----- RECORDS PROVIDED -----
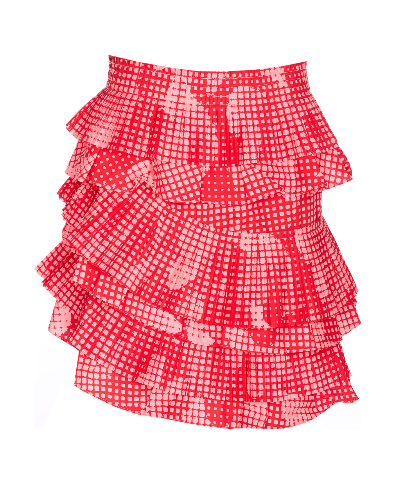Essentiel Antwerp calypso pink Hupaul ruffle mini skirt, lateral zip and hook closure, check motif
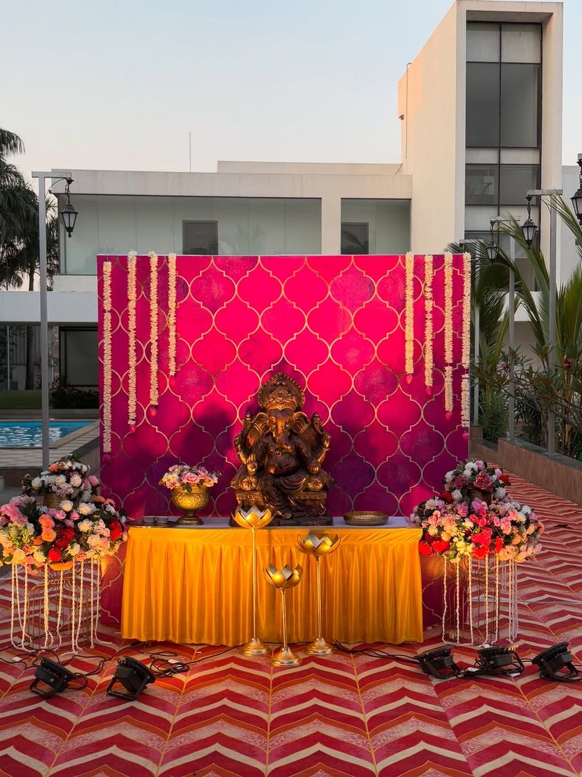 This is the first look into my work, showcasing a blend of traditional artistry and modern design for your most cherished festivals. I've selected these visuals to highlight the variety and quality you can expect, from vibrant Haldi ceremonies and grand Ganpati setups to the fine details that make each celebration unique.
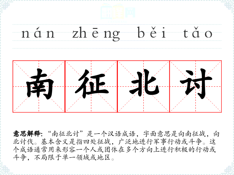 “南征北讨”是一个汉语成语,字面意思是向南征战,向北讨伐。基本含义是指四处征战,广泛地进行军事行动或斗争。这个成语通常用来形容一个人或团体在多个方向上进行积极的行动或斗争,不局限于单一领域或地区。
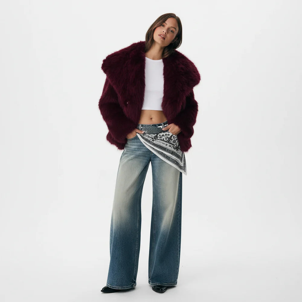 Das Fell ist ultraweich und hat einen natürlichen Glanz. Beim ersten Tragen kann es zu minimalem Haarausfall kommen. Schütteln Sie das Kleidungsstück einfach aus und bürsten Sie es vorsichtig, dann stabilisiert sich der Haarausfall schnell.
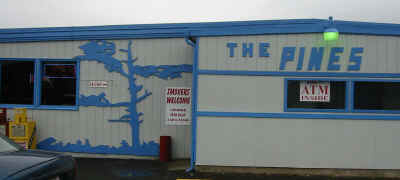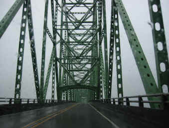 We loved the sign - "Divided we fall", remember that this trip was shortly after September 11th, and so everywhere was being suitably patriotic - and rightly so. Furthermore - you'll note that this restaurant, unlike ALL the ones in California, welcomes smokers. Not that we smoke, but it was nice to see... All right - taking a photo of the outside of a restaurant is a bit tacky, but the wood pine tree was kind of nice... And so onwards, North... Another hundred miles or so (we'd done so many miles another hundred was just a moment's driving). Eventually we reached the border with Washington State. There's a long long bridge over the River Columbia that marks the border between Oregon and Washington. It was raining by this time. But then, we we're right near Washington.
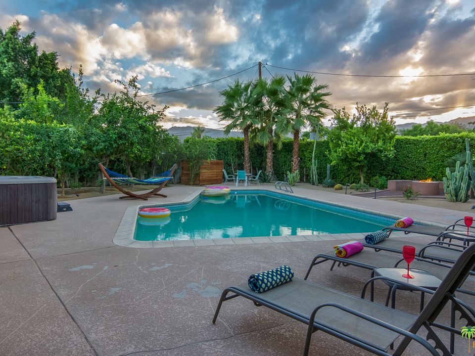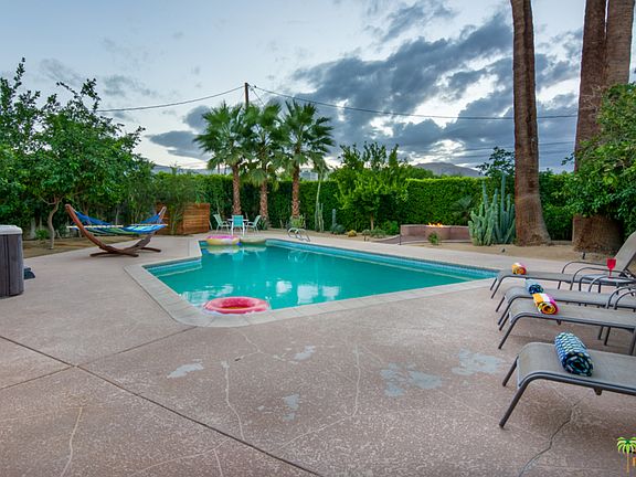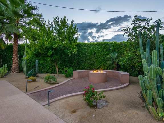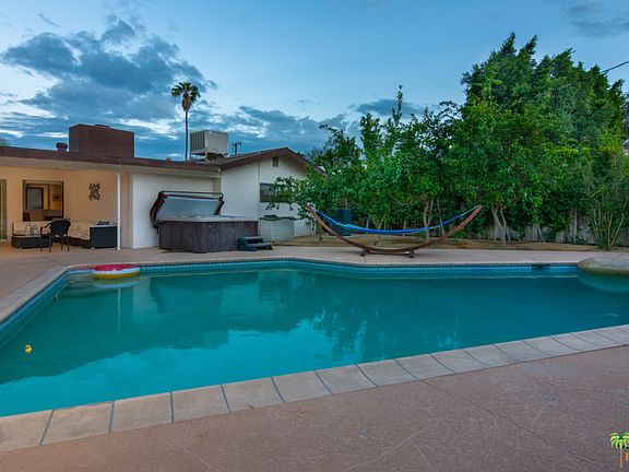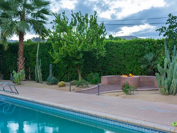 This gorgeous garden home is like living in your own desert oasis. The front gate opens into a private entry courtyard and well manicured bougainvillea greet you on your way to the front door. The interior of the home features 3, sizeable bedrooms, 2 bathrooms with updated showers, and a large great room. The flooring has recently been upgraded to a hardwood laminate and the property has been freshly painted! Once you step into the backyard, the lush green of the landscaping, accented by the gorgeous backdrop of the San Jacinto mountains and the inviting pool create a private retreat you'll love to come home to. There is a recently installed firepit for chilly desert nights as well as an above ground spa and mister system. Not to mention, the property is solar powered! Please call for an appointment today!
-----
----- RECORDS PROVIDED -----
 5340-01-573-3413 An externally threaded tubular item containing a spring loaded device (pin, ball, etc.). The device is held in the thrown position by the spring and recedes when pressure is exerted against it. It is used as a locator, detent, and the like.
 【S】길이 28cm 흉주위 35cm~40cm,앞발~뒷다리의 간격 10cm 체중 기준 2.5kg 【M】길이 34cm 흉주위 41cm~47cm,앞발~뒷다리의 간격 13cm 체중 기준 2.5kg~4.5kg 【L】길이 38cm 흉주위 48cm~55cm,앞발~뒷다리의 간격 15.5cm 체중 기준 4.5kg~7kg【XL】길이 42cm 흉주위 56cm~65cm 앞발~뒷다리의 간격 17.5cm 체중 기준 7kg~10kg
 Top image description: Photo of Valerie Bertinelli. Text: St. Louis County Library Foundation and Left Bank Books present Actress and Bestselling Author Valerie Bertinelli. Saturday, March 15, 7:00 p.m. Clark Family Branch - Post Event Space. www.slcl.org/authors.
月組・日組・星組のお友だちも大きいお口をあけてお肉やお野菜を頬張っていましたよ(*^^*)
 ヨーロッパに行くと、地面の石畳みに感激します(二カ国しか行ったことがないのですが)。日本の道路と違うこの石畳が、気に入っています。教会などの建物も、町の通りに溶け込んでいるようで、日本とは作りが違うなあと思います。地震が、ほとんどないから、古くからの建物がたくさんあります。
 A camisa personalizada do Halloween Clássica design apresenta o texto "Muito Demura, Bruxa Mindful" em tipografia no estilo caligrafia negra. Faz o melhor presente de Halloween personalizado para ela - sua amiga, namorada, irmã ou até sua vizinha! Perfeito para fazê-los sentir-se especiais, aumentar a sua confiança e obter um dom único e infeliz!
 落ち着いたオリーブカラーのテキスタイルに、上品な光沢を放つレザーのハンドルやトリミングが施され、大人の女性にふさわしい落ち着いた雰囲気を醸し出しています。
-----
TO DO
When you reach the line with "Essentiel Antwerp calypso" in the records above, begin repeating the lines exactly, and stop after the line with "Das Fell ist". Skip all pictures.

OUTPUT OF THE EXERCISE
Essentiel Antwerp calypso pink Hupaul ruffle mini skirt, lateral zip and hook closure, check motif
 This is the first look into my work, showcasing a blend of traditional artistry and modern design for your most cherished festivals. I've selected these visuals to highlight the variety and quality you can expect, from vibrant Haldi ceremonies and grand Ganpati setups to the fine details that make each celebration unique.
 “南征北讨”是一个汉语成语,字面意思是向南征战,向北讨伐。基本含义是指四处征战,广泛地进行军事行动或斗争。这个成语通常用来形容一个人或团体在多个方向上进行积极的行动或斗争,不局限于单一领域或地区。
 Das Fell ist ultraweich und hat einen natürlichen Glanz. Beim ersten Tragen kann es zu minimalem Haarausfall kommen. Schütteln Sie das Kleidungsstück einfach aus und bürsten Sie es vorsichtig, dann stabilisiert sich der Haarausfall schnell.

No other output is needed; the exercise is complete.